(Source data)
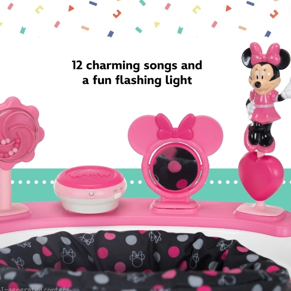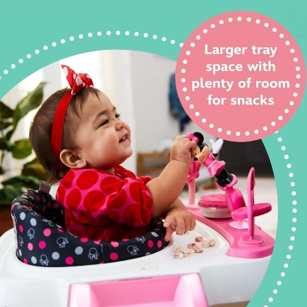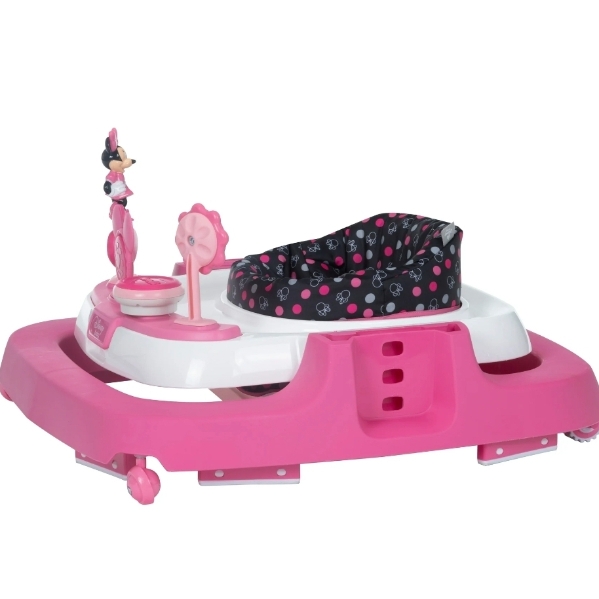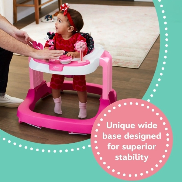 Let your little one take their first steps with the Disney Ready, Set, Walk DX! With a comfy, machine-washable seat and extra-wide base for support, this walker keeps your baby safe as they explore. Fun toys, 12 cheerful songs, and engaging activities stimulate their senses while the adjustable height grows with them. Perfect for snack time with its tray, and easy to fold for storage or travel. Supports babies up to 30 lbs.
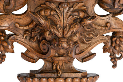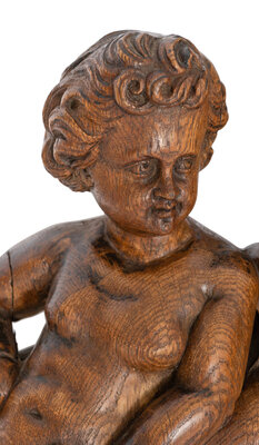 the movement now removed; carved with allegorical putti and mask, the dial having enamel Roman numerals in blue and white, surmounted by a vase-shaped finial terminating in a flame.
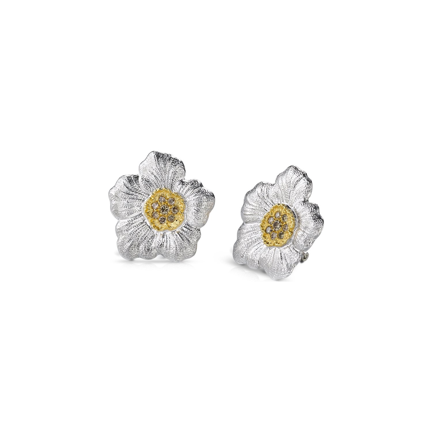 Grands boutons d'oreilles Buccellati Blossoms en argent et diamants bruns
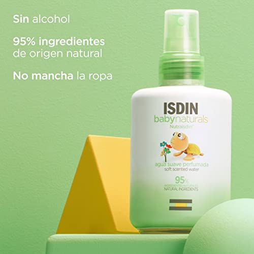 - Isdin BabyNaturals Mist. Agua suave perfumada 200 ml para el bebé sin alcohol, con un 95% de ingredientes de origen natural, que hidrata y protege la delicada piel del bebé.
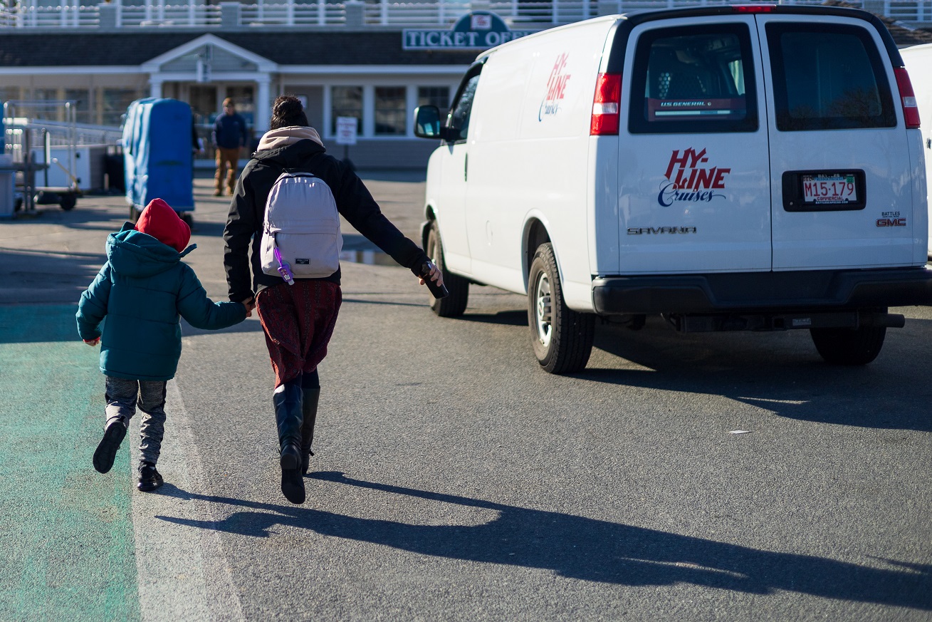 A mom and her young son hustle toward the Hyline ticket office…
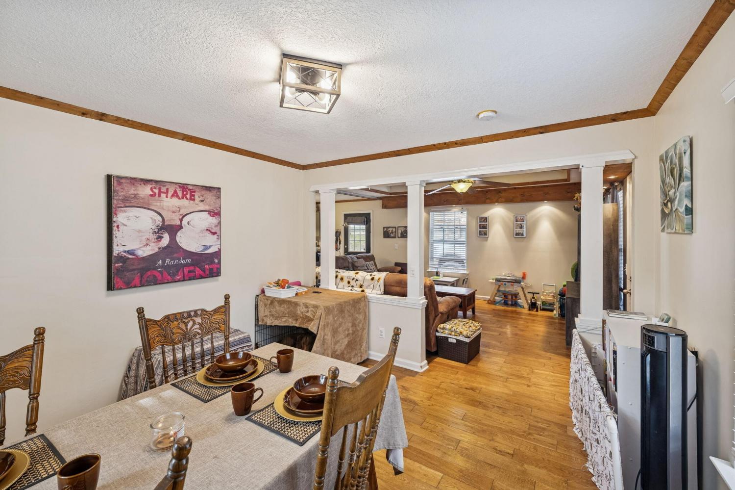 Welcome home to this cute bungalow-style home conveniently located in the heart of LaFayette! This charming property offers an open floor plan with three bedrooms and two full bathrooms, designed for comfortable everyday living. Step inside to beautiful hardwood floors and a spacious living area featuring a stunning tray ceiling that adds character and style. The kitchen is perfect for entertaining with a prominent island, kitchen bar seating, plenty of cabinet space, and a separate dining room for more formal gatherings. Enjoy relaxing mornings or evenings on the inviting rocking chair front porch. The level yard offers space to unwind, garden, or play. Conveniently located just a short drive to Chattanooga, this home provides small-town charm with easy access to city amenities.
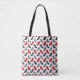 This cute tote bag features a pattern of red, black and gray high heels. The background is featured in white but can easily be changed by clicking on Customize It.
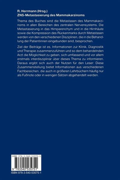 I. Epidemiologie und Klinik.- ZNS-Metastasierung beim Mammakarzinom - Risikofaktoren.- Klinik und Prognose der ZNS-Beteiligung beim Mammakarzinom.- Retrospektive Studie von 63 Patientinnen mit ZNS-Metastasen eines Mammakarzinoms.- II. Diagnostik.- Diagnostik bei ZNS-Metastasen des Mammakarzinoms: Computertomographie des Gehirns.- Zum Stellenwert der Magnetresonanztomographie bei intrakraniellen Mammakarzinom-Metastasen.- Computertomographie/Magnetische Resonanztomographie/ Myelographie bei Verdacht auf Myelokompression durch Mammakarzinom.- Liquorbefunde bei ZNS-Metastasen des Mammakarzinoms.- III. Therapie der Hirnmetastasen des Mammakarzinoms.- Gibt es eine Indikation zur Operation von Hirnmetastasen des Mammakarzinoms?.- Chirurgische Behandlung der Hirnmetastasen von Mammakarzinomen.- Radiotherapie von Hirnmetastasen beim Mammakarzinom.- Ergebnisse der Strahlentherapie zerebraler Metastasen des Mammakarzinoms - eine vergleichende Analyse.- Hochdosierte palliative Radiotherapie von Hirnmetastasen bei Mammakarzinomen - klinische Erfahrungen.- Systemische Therapie zerebraler Metastasen beim Mammakarzinom.- Therapieergebnisse und Überlebenszeiten bei Patientinnen mit ZNS-Manifestation bei metastasierendem Mammakarzinom.- IV. Therapie der Meningiosis und der Myelokompression.- Behandlung der Meningiosis neoplastica beim Mammakarzinom.- Operative Therapie der Myelokompression aus der Sicht des Orthopäden.- Neurochirurgische Therapie der Myelokompression.- Radiotherapie der Myelokompression.
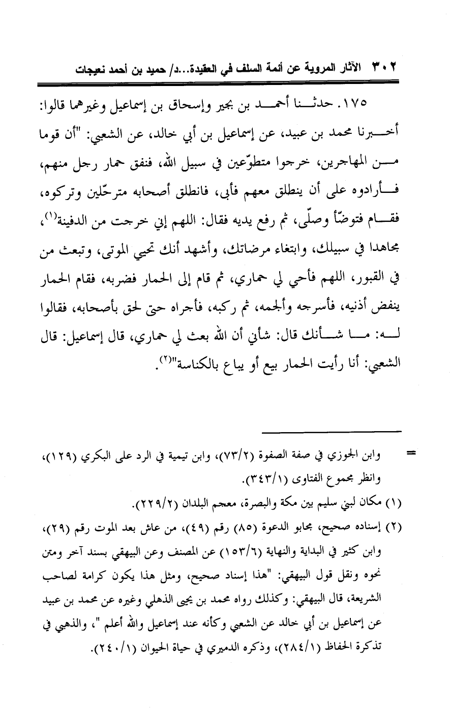 ١٧٥ - حدثنا أحمد بن بجير وإسحاق بن إسماعيل وغيرهما قالوا: أخبرنا محمد بن عبيد، عن إسماعيل بن أبي خالد، عن الشعبي: "أن قوما من المهاجرين، خرجوا متطوّعين في سبيل اللَّه، فنفق حمار رجل منهم، فأرادوه على أن ينطلق معهم فأبى، فانطلق أصحابه مترحّلين وتركوه، فقام فتوضّأ وصلّى، ثم رفع يديه فقال: اللهم إني خرجت من الدفينة (¬١)، مجاهدا في سبيلك، وابتغاء مرضاتك، وأشهد أنك تحيي الموتى، وتبعث من في القبور، اللهم فأحي لي حماري، ثم قام إلى الحمار فضربه، فقام الحمار ينفض أذنيه، فأسرجه وألجمه، ثم ركبه، فأجراه حتى لحق بأصحابه، فقالوا له: ما شأنك قال: شأني أن اللَّه بعث لي حماري، قال إسماعيل: قال الشعبي: أنا رأيت الحمار بيع أو يباع بالكناسة" (¬٢).
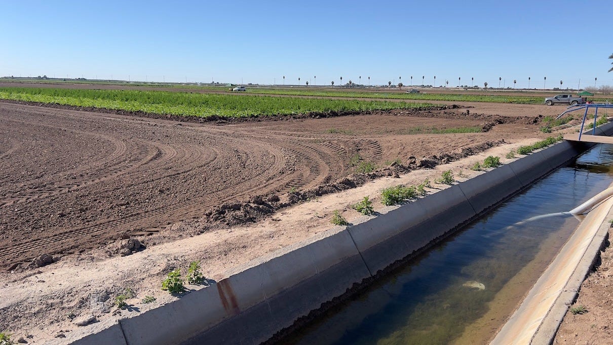 Once the plants are a few inches tall (after “thinning”), the sprinkler pipes are removed. Water is then sent down small trenches (furrows) between the rows of crops. The water comes from a network of open canals that start at the Colorado River, and water allocation is controlled by the local water districts. Growers siphon out water from the canal through movable pipes and send it down furrows.
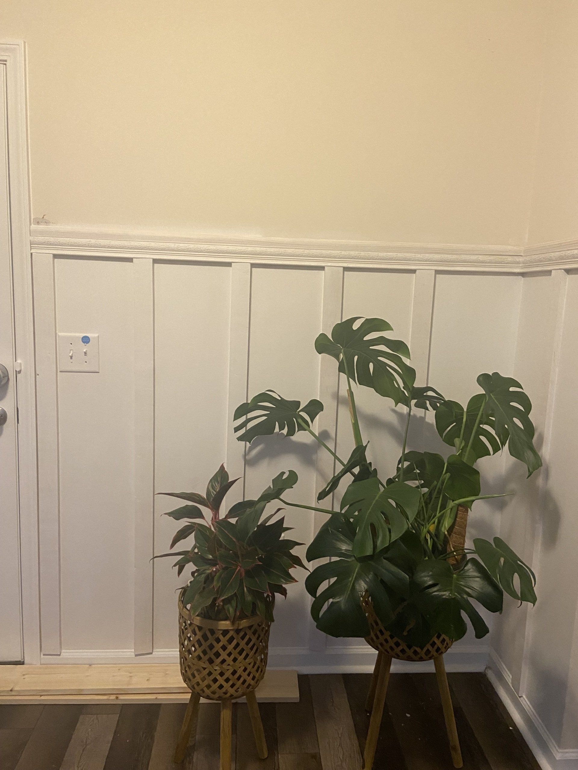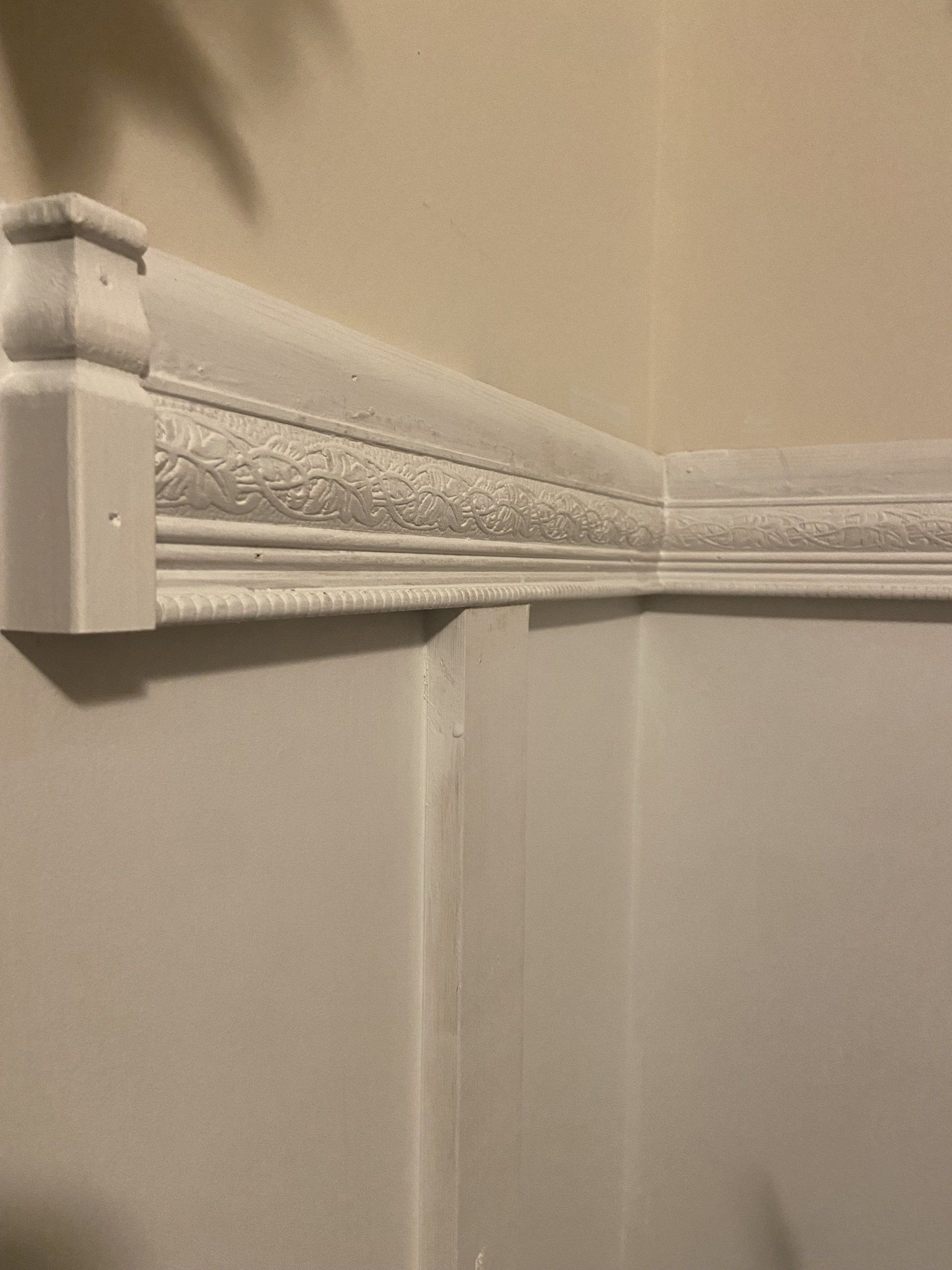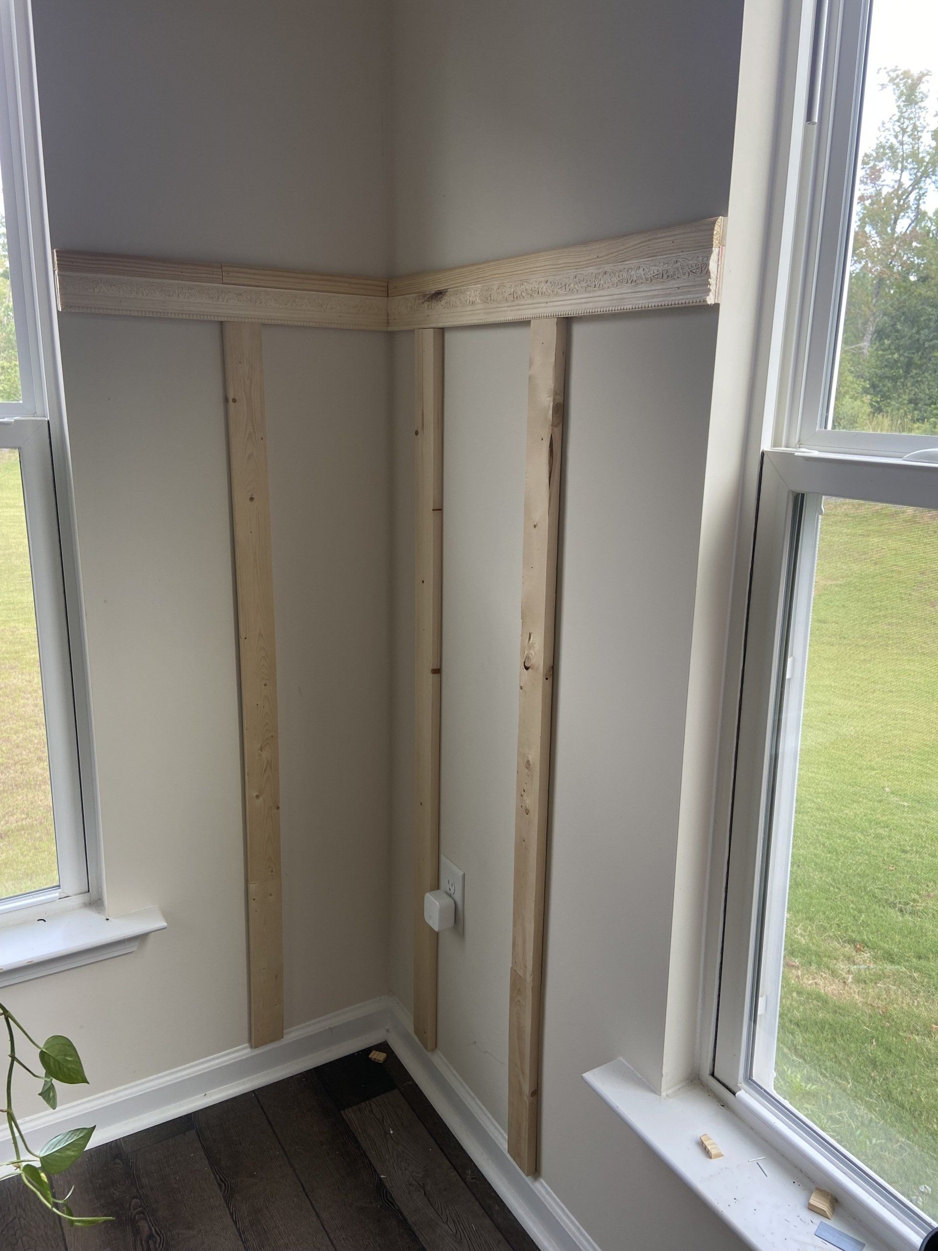 For the horizontal trim I decided to choose a carved trim to bring in the boho indian vibes. I try to incorporate a little bit of India in my house in any way I can. Trim SIze : 2-1/4-in : Lowes Ornamental Moulding . I wanted a wider 4" horizontal trim section so I added another trim of 11/16-in to add to the height : Lowes 11/16 in trim.
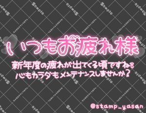 「あなたの特効薬はわたしだよ おいでおいで♡沢山元気にしてあげる♡」のスタンプ 2025 5/12 2025年5月12日 0 こちらの画像はサンプルです。保存やSNS等への掲載はご遠慮ください。会員登録・ログイン後に表示される『本画像』をダウンロードしてご利用ください。 カラータグ癒やし 癒やし 文字 タメ語 横書き 透過 この記事が気に入ったら フォローしてね! Follow @stamp_yasan_sub Follow me! 「この足で大事なトコロさすさすしてもいい?」のスタンプ 「いつもお疲れ様 新年度の疲れが出てくる頃ですね 心もカラダもメンテナンスしませんか?」のスタンプ
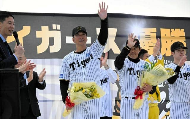 プロ野球・阪神タイガースの本拠地、阪神甲子園球場(兵庫県西宮市)近くの商業施設で25日、市民向けのリーグ優勝報告会が開…
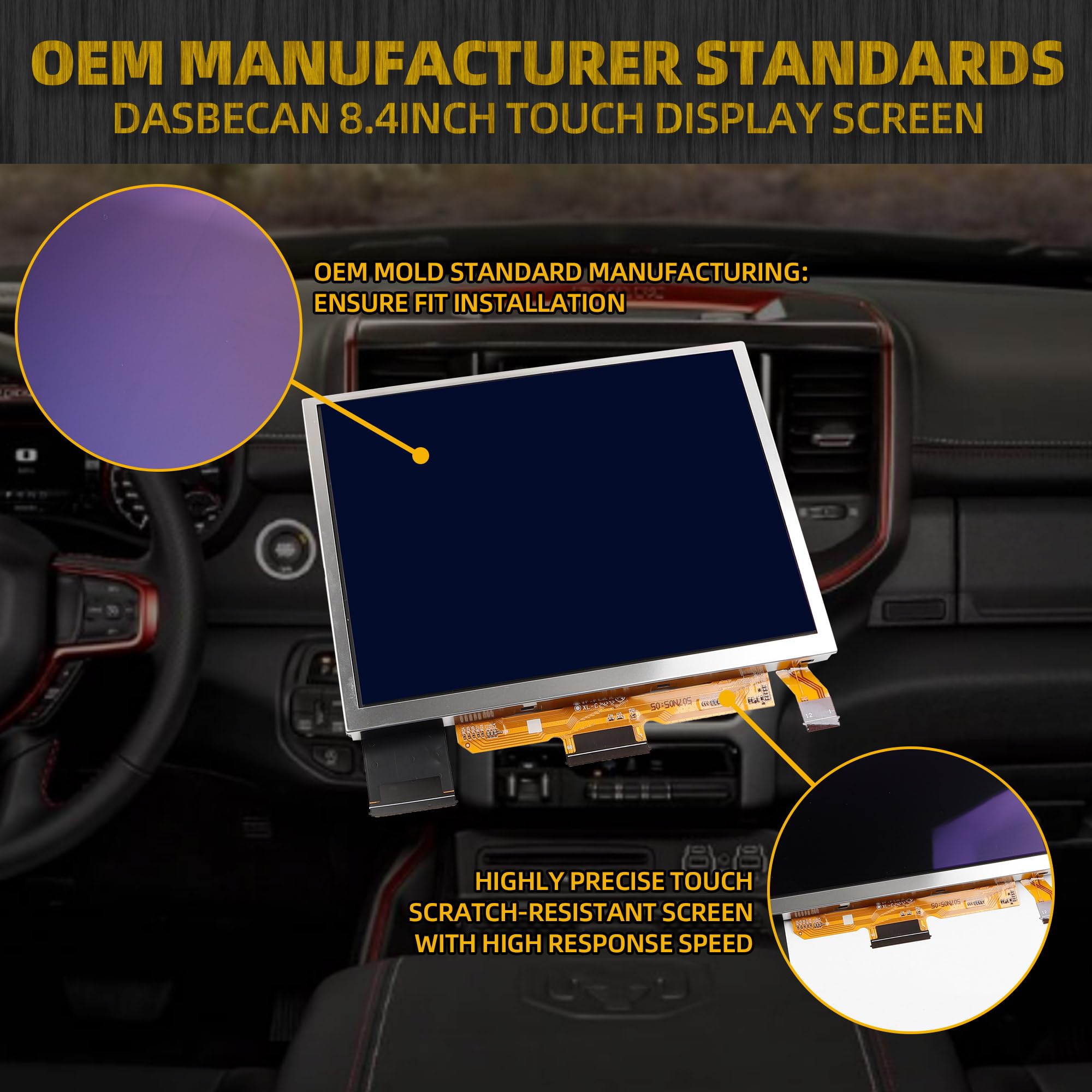 【Fitment】8.4 uconnect touch screen fits for Dodge Ram 1500 / 2500 / 3500 Chassis Cab 2018-2023 | Challenger 2017-2023 | Durango 2018-2023 | Charger 2017-2023 ; Chrysler 200 300 2017-2023 ; Jeep Grand Cherokee 2018-2023 | Wrangler 2018-2023 | Compass 2018-2023 | Gladiator 2019-2023

**What this task involves:** Could you set down every record above exactly as written, leaving out the pictures?

**Answer to this exercise:**
 Let your little one take their first steps with the Disney Ready, Set, Walk DX! With a comfy, machine-washable seat and extra-wide base for support, this walker keeps your baby safe as they explore. Fun toys, 12 cheerful songs, and engaging activities stimulate their senses while the adjustable height grows with them. Perfect for snack time with its tray, and easy to fold for storage or travel. Supports babies up to 30 lbs.
 the movement now removed; carved with allegorical putti and mask, the dial having enamel Roman numerals in blue and white, surmounted by a vase-shaped finial terminating in a flame.
 Grands boutons d'oreilles Buccellati Blossoms en argent et diamants bruns
 - Isdin BabyNaturals Mist. Agua suave perfumada 200 ml para el bebé sin alcohol, con un 95% de ingredientes de origen natural, que hidrata y protege la delicada piel del bebé.
 A mom and her young son hustle toward the Hyline ticket office…
 Welcome home to this cute bungalow-style home conveniently located in the heart of LaFayette! This charming property offers an open floor plan with three bedrooms and two full bathrooms, designed for comfortable everyday living. Step inside to beautiful hardwood floors and a spacious living area featuring a stunning tray ceiling that adds character and style. The kitchen is perfect for entertaining with a prominent island, kitchen bar seating, plenty of cabinet space, and a separate dining room for more formal gatherings. Enjoy relaxing mornings or evenings on the inviting rocking chair front porch. The level yard offers space to unwind, garden, or play. Conveniently located just a short drive to Chattanooga, this home provides small-town charm with easy access to city amenities.
 This cute tote bag features a pattern of red, black and gray high heels. The background is featured in white but can easily be changed by clicking on Customize It.
 I. Epidemiologie und Klinik.- ZNS-Metastasierung beim Mammakarzinom - Risikofaktoren.- Klinik und Prognose der ZNS-Beteiligung beim Mammakarzinom.- Retrospektive Studie von 63 Patientinnen mit ZNS-Metastasen eines Mammakarzinoms.- II. Diagnostik.- Diagnostik bei ZNS-Metastasen des Mammakarzinoms: Computertomographie des Gehirns.- Zum Stellenwert der Magnetresonanztomographie bei intrakraniellen Mammakarzinom-Metastasen.- Computertomographie/Magnetische Resonanztomographie/ Myelographie bei Verdacht auf Myelokompression durch Mammakarzinom.- Liquorbefunde bei ZNS-Metastasen des Mammakarzinoms.- III. Therapie der Hirnmetastasen des Mammakarzinoms.- Gibt es eine Indikation zur Operation von Hirnmetastasen des Mammakarzinoms?.- Chirurgische Behandlung der Hirnmetastasen von Mammakarzinomen.- Radiotherapie von Hirnmetastasen beim Mammakarzinom.- Ergebnisse der Strahlentherapie zerebraler Metastasen des Mammakarzinoms - eine vergleichende Analyse.- Hochdosierte palliative Radiotherapie von Hirnmetastasen bei Mammakarzinomen - klinische Erfahrungen.- Systemische Therapie zerebraler Metastasen beim Mammakarzinom.- Therapieergebnisse und Überlebenszeiten bei Patientinnen mit ZNS-Manifestation bei metastasierendem Mammakarzinom.- IV. Therapie der Meningiosis und der Myelokompression.- Behandlung der Meningiosis neoplastica beim Mammakarzinom.- Operative Therapie der Myelokompression aus der Sicht des Orthopäden.- Neurochirurgische Therapie der Myelokompression.- Radiotherapie der Myelokompression.
 ١٧٥ - حدثنا أحمد بن بجير وإسحاق بن إسماعيل وغيرهما قالوا: أخبرنا محمد بن عبيد، عن إسماعيل بن أبي خالد، عن الشعبي: "أن قوما من المهاجرين، خرجوا متطوّعين في سبيل اللَّه، فنفق حمار رجل منهم، فأرادوه على أن ينطلق معهم فأبى، فانطلق أصحابه مترحّلين وتركوه، فقام فتوضّأ وصلّى، ثم رفع يديه فقال: اللهم إني خرجت من الدفينة (¬١)، مجاهدا في سبيلك، وابتغاء مرضاتك، وأشهد أنك تحيي الموتى، وتبعث من في القبور، اللهم فأحي لي حماري، ثم قام إلى الحمار فضربه، فقام الحمار ينفض أذنيه، فأسرجه وألجمه، ثم ركبه، فأجراه حتى لحق بأصحابه، فقالوا له: ما شأنك قال: شأني أن اللَّه بعث لي حماري، قال إسماعيل: قال الشعبي: أنا رأيت الحمار بيع أو يباع بالكناسة" (¬٢).
 Once the plants are a few inches tall (after “thinning”), the sprinkler pipes are removed. Water is then sent down small trenches (furrows) between the rows of crops. The water comes from a network of open canals that start at the Colorado River, and water allocation is controlled by the local water districts. Growers siphon out water from the canal through movable pipes and send it down furrows.
 For the horizontal trim I decided to choose a carved trim to bring in the boho indian vibes. I try to incorporate a little bit of India in my house in any way I can. Trim SIze : 2-1/4-in : Lowes Ornamental Moulding . I wanted a wider 4" horizontal trim section so I added another trim of 11/16-in to add to the height : Lowes 11/16 in trim.
 「あなたの特効薬はわたしだよ おいでおいで♡沢山元気にしてあげる♡」のスタンプ 2025 5/12 2025年5月12日 0 こちらの画像はサンプルです。保存やSNS等への掲載はご遠慮ください。会員登録・ログイン後に表示される『本画像』をダウンロードしてご利用ください。 カラータグ癒やし 癒やし 文字 タメ語 横書き 透過 この記事が気に入ったら フォローしてね! Follow @stamp_yasan_sub Follow me! 「この足で大事なトコロさすさすしてもいい?」のスタンプ 「いつもお疲れ様 新年度の疲れが出てくる頃ですね 心もカラダもメンテナンスしませんか?」のスタンプ
 プロ野球・阪神タイガースの本拠地、阪神甲子園球場(兵庫県西宮市)近くの商業施設で25日、市民向けのリーグ優勝報告会が開…
 【Fitment】8.4 uconnect touch screen fits for Dodge Ram 1500 / 2500 / 3500 Chassis Cab 2018-2023 | Challenger 2017-2023 | Durango 2018-2023 | Charger 2017-2023 ; Chrysler 200 300 2017-2023 ; Jeep Grand Cherokee 2018-2023 | Wrangler 2018-2023 | Compass 2018-2023 | Gladiator 2019-2023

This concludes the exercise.